#### What to produce:
With the pictures removed, write out the data below exactly.

#### Supplied data:
Segment Open

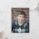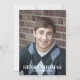 Este design apresenta um cartão de anúncio de fotos de graduação, convite para fotos de formando, com a classe do seu ano de escrita, fonte clássica de tipografia de caligrafia, um na moda moderno de tendências, para uma festa de formando elegante, um começo de segundo grau ou faculdade, um simples azul e ouro de Marinho, convite para mais velho, com uma borda modelo sangramento de cheio
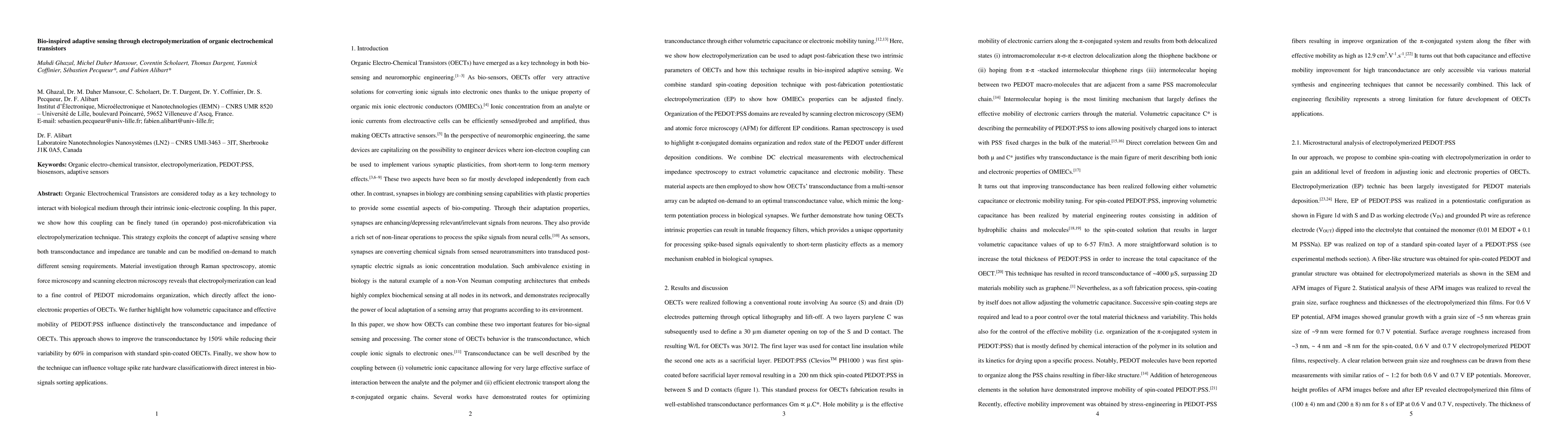 This paper demonstrates adaptive sensing through electropolymerization of Organic Electrochemical Transistors, showing improved transconductance and reduced variability by tuning iono-electronic properties post-fabrication. The technique enhances bio-signal sorting applications by influencing the voltage spike rate.
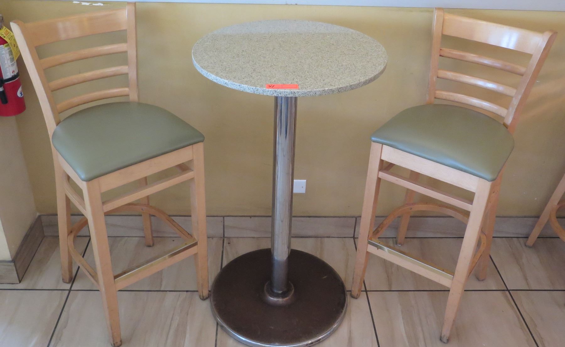 Round Sand Colored Granite Bar Height Table (23.5" Dia, 42" H) & Two Waymar Chairs
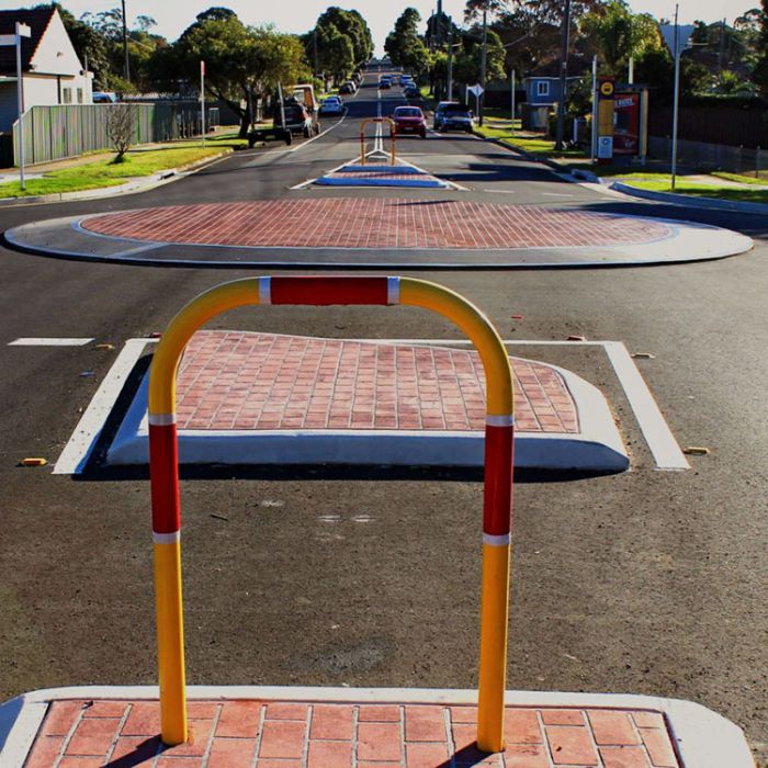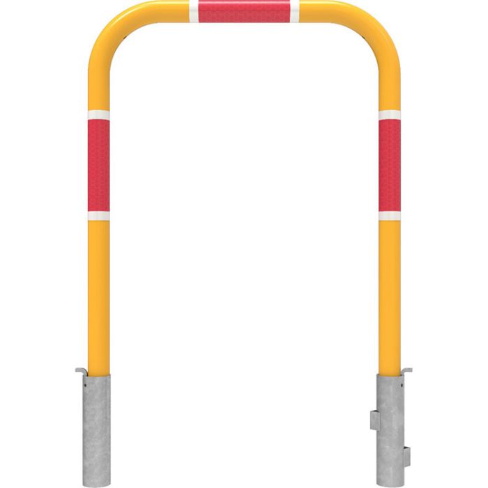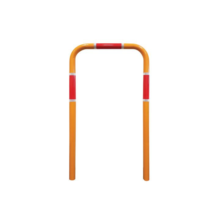 Holding Rails are widely used in traffic islands at roundabouts, crosswalks, and bike lanes for pedestrians and cyclists. The rails are hot dipped galvanized prior to yellow powder coating and features red and white reflective bands. Can be used for in-situ concrete islands with Vlocks.

Segment Closed

#### Exercise solution:
 Este design apresenta um cartão de anúncio de fotos de graduação, convite para fotos de formando, com a classe do seu ano de escrita, fonte clássica de tipografia de caligrafia, um na moda moderno de tendências, para uma festa de formando elegante, um começo de segundo grau ou faculdade, um simples azul e ouro de Marinho, convite para mais velho, com uma borda modelo sangramento de cheio
 This paper demonstrates adaptive sensing through electropolymerization of Organic Electrochemical Transistors, showing improved transconductance and reduced variability by tuning iono-electronic properties post-fabrication. The technique enhances bio-signal sorting applications by influencing the voltage spike rate.
 Round Sand Colored Granite Bar Height Table (23.5" Dia, 42" H) & Two Waymar Chairs
 Holding Rails are widely used in traffic islands at roundabouts, crosswalks, and bike lanes for pedestrians and cyclists. The rails are hot dipped galvanized prior to yellow powder coating and features red and white reflective bands. Can be used for in-situ concrete islands with Vlocks.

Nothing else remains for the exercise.